Here is a video on how to make mason bee nest blocks.

http://www.vimeo.com/9236864


----------



## johng

Thanks, I made my first one yesterday. Hopefully I will get some renters pretty soon.


----------



## DavesBees

That's great johng. Let us know if you have ant check-ins.


----------



## 11x

i like the video. i plan on making some today. my question is this. when do you put them out? is there a better place than others to put them? do i just lay them arround out side?
should thay be under a overhang out of the rain?
any help would be great


----------



## DavesBees

11x
Since you live just down the road I can tell you when I put mine up. As soon as you get 3 days in a row above 50 degrees they will start flying. There is no need to put them up for another 3 or 4 weeks but it won’t hurt either. If you have bees in your blocks and you put them up early you may need to protect them from woodpeckers. All of mine are under an overhang but I’m going to play around this summer and hang some of the 2 x 6 blocks on a tree as is. You could make a hat for the top of the block out of whatever you have available to simulate an overhang. It is important that they don’t move so don’t hang them with string. If you have children or if the child in you likes watching the action you can put them on the porch or next to a window. An old bookcase on the porch would be a hoot. Make sure you tape around the crack. For rain you could also cut up an old milk jug to make a roof so where you put them is up to you. They require a constant source of mud to do their mason work and it should be fairly nearby. Within in 50 or 100 feet is good. Mason bees don’t venture out as far as honeybees and tent to forage close to home. I’m sure where you live that you will have good success with your blocks.

Have fun!


----------



## power napper

Nice job on the video and explanation. Now I got anothe 2do job-building a mason bee nest box.

Thanks for sharing.


----------



## Omie

I ordered some mason bee cocoons and some mason housing with lined tubes. I also got a setup for my best friend who wishes she could have honeybees but can't where she lives. She could definitely put up some mason bee houses though! Wait til she gets surprised on her birthday with this gift. 
I can't wait! 
I do know that I've seen some little blue-black mason bees in my garden the past two summers, in my flowers. They are very pretty to watch, and so quick!
Won't hurt to have the extra cocoons I ordered, just in case the local bees have diminished. I remember how they LOVED morning glories.


----------



## beemandan

Way cool Dave.


----------



## beemandan

I'm thinkin' that I may try a variant of your approach Dave. Rather than ripping off a slice of the original wood, I'll take either a 2x4 or 2x6 and drill completely through it. Then, I'll use a piece of 1x4 furring strip to screw on the back. It seems simpler and I'm a simple kind of guy.


----------



## Omie

Do you guys clean your wood bee houses each year, or do you discard old ones each year? Or do you use liners in the holes to make them easy to clean out?


----------



## beemandan

Omie, did you look at the video that Dave posted in the first post of this thread? He lines his with parchment paper (available at any grocery store). I've never lined mine before. I just let them use the holes until they no longer will, then replace the block. But...after looking at Dave's video, I'm going to try it his way.


----------



## Omie

beemandan said:


> Omie, did you look at the video that Dave posted in the first post of this thread? He lines his with parchment paper (available at any grocery store). I've never lined mine before. I just let them use the holes until they no longer will, then replace the block. But...after looking at Dave's video, I'm going to try it his way.
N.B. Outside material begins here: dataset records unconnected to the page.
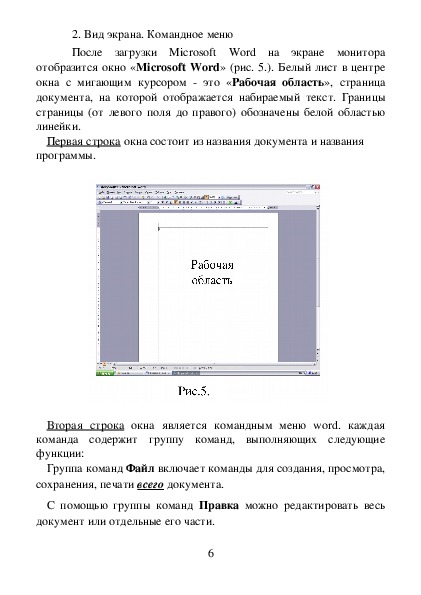 отобразится окно «Microsoft Word» (рис. 5.). Белый лист в центре
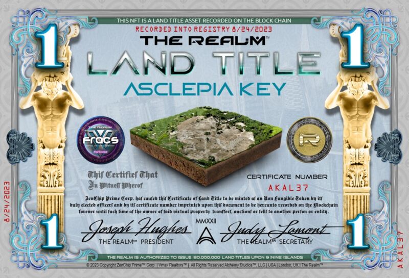 Select and purchase Your Agricultural Large Land Plot for staking out your prime properties in the (Medical Isle). The Land Title on the Blockchain secures your land for potential Doctor / Educational / Wellness Facilities and Universities, plus with this property ownership comes new advances in technology in parts of the island. Receive your NFT on the Blockchain on Asclepia Key in The Realm when you purchase your Land Title.
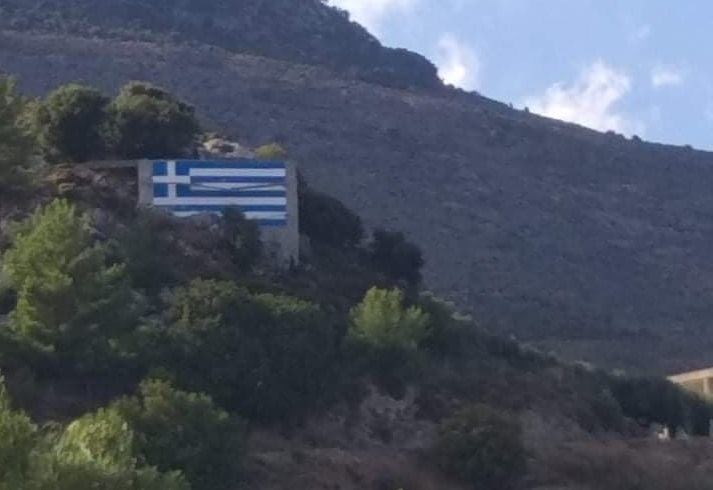 Μάλιστα, η ελληνική σημαία είναι τόσο μεγάλη που είναι ορατή και εκτός του οικισμού.
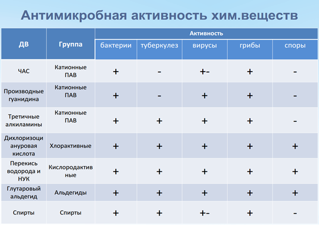 1. ЧАС (четвертичные аммониевые соединения) – имеют ограниченный спектр действия (бактерии, отдельные вирусы). Низкая активность в кислой среде и при повышенной минерализации воды.
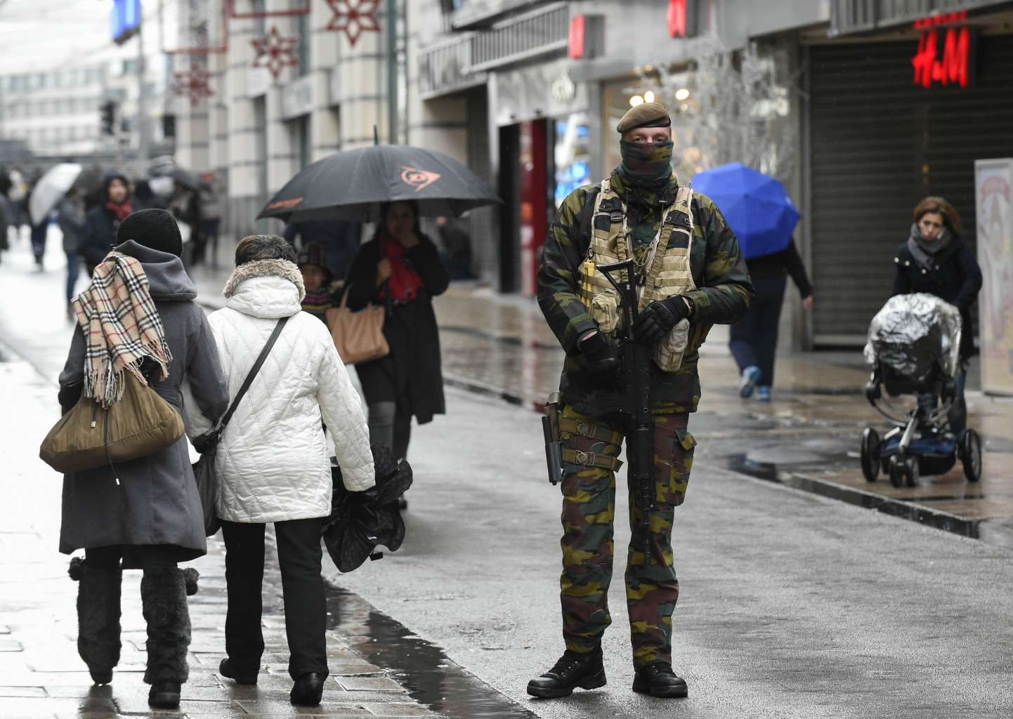 A soldier patrols outside a shopping center in Brussels on Nov 21, 2015.

Yes, I did watch the video a few weeks ago....very nice.
I guess I was asking 'you guys' meaning everyone else on the thread...I should have started a new thread for that question perhaps. 

I actually have parchment paper around anyway for when I bake bread!


----------



## DavesBees

beemandan,
That is a great idea and it could save some fingers! Try to stick with the 2 by 6 for depth; a 2 by 4 is a little shallow and you will get fewer females. Also, I still recommend the tape around the seam to keep pests out. I’m glad you are going to have fun with it.

Omie,
The tubes are easy, clean, and fun. It is entirely up to you if you want to unroll a tube and inspect the contents or not. There is no cleaning of the block, just replace the tubes during the winter. If you just drill a block that will work fine the first year or two and then they get fouled and the bees won’t use them. It is easier to drill the holes and just put them up. If you have a supply of blocks and wish to use them for one season and then replace them you’ll do just fine. I actually have two large blocks that I’m going to destroy after the bees emerge; they must be 2 and 3 years old.
Regardless put some up and have fun.


----------



## Omie

DavesBees said:


> Regardless put some up and have fun.


Yes Dave, I have a bunch of tubes and cocoons ordered already, thank you for your encouragement!
I got two sets of 20 cocoons for me and a set of 20 for my best friend's birthday who lives a few blocks away- she'll be so thrilled because she keeps telling me how she so wishes she could keep bees (she refers to my honeybees) but that she doesn't have the space or privacy for a big beehive. These masons she can put up in her apt's back porch area in the tiny back yard! 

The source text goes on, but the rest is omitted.